On the Culture

Taking Time Off with Family

By Dr. Jeff Mirus (bio - articles - send a comment) | June 19, 2005 4:25 PM

Once a year I try to get the whole family together for a week at some relaxing vacation spot. By “the whole family”, in this case, I mean my wife and myself, the children we still have at home, and our married children, their spouses and their children. We are especially blessed in that we all get along and we all share the same values. This year we rented a house in St. Michaels, Maryland, on the Miles River, which flows quickly into the Chesapeake Bay. Just two hours from home, this location provides a complete change of scene and of pace, so critical to relaxation. It is also a good sailing spot, and I could leave my little trailerable sailboat in the water for the week, so I didn’t have to unload it and rig it each time it was used.

We have a variety of interests and maturity levels in our group of 13 (ages 1 to 57), and we also enjoyed a visit from my wife’s parents, who are celebrating their 80th birthdays this year. Because of this variety, we always try to select a location with diverse recreational opportunities. St. Michaels, with its lovely harbor at the mouth of the Miles looking out onto the Eastern Bay, and with its many shops and restaurants, makes a great getaway. Nearby Easton has more shops and restaurants. Easton has something else as well: a fine old parish in Sts. Peter and Paul, which also supports a mission in St. Michaels. The availability of daily Mass, our evening family rosaries, and shared meals, recreation, and child care combine to create a week away which not only gives everyone a break but strengthens family ties.

To be sure, shared values and a common spirituality are necessary to make a week together work at such close quarters. But within this framework, it can work very well indeed. I mention the shared values and common spirituality because where there are substantial differences in values and lifestyle, the stresses will surely make true relaxation impossible. In such situations, one would need far more space—separate accommodations for different family groups—and far more independent time in order to enjoy one another’s company in peace. Where the spiritual bonds are stronger, however, inessential differences are seldom stressful. For example, people can go their own ways recreationally at times without any chafing. Everybody helps out and all get chances to unwind in the ways they like best.

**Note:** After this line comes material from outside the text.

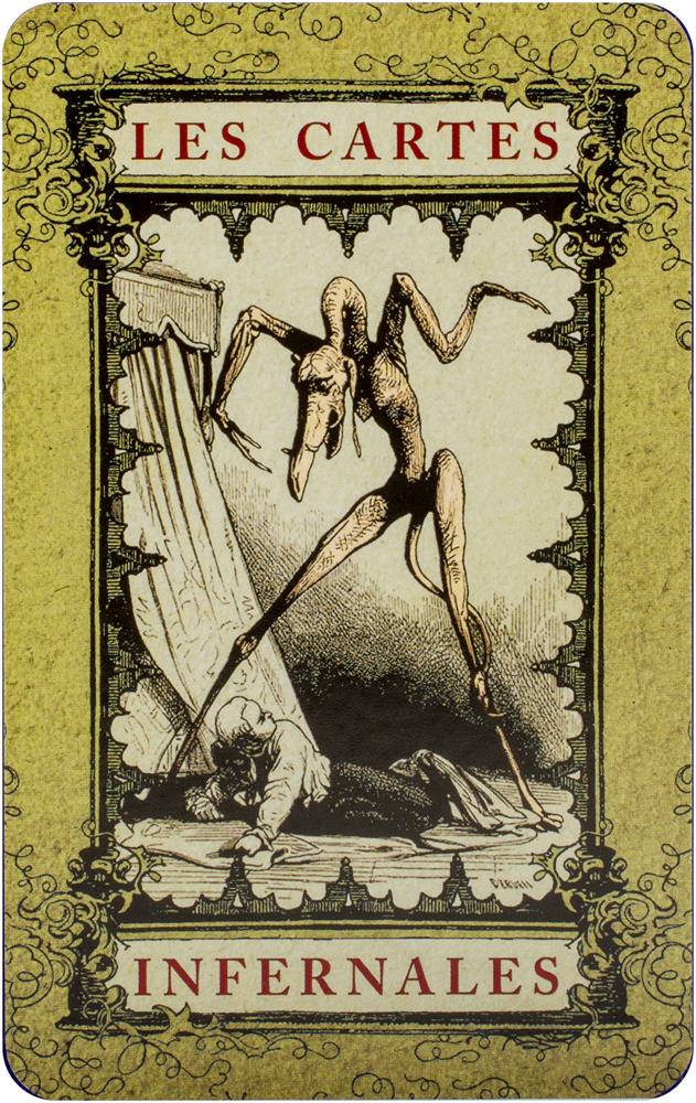 This fiendishly forbidden book and tarot card deck draw upon "Le Dictionnaire Infernal" (Infernal Dictionary), a legendary tome originally published in 1818 by French occultist Jacques Auguste Simon Collin. Working from centuries of arcane magical texts, Collin described ancient daemons and organized them into hellish hierarchies.

For me, of course, sailing was a top priority. Last Fall I purchased a used 16 foot sailboat on a trailer, a Precision 165, which will carry four or five adults comfortably, but can be sailed easily single-handed. This Spring was my first season on the water, and this vacation on the Chesapeake Bay was my first opportunity to leave the boat in the water for days at a time. Winds were annoyingly light at the beginning of the week, but they rose to around 15 mph by mid-week and stayed there, which was all it took to give us hours of enjoyment. In a play on words, we named our little boat ‘Spray. Spray was the name of the 34-foot sloop which Joshua Slocum sailed around the world in the 1890’s. (Slocum wrote an extremely literate and very interesting book about his experiences, Sailing Alone Around the World.) By putting a leading apostrophe into the name, we tried to capture not only Slocum’s experience but our own inexperience, for the name is also a shortened form of “Let’s pray”.

The things I learned about sailing, including the bilge pumping I had to do because the boat leaks around the bow eye, are perhaps best reserved for another time, or another venue, though opening up a discussion of various forms of recreation among our users would be no bad thing. In any case, all of this was in the context of family. Or, perhaps more to the point, it was in the context of Christian family, which is a great blessing, never to be taken for granted, not even for a moment.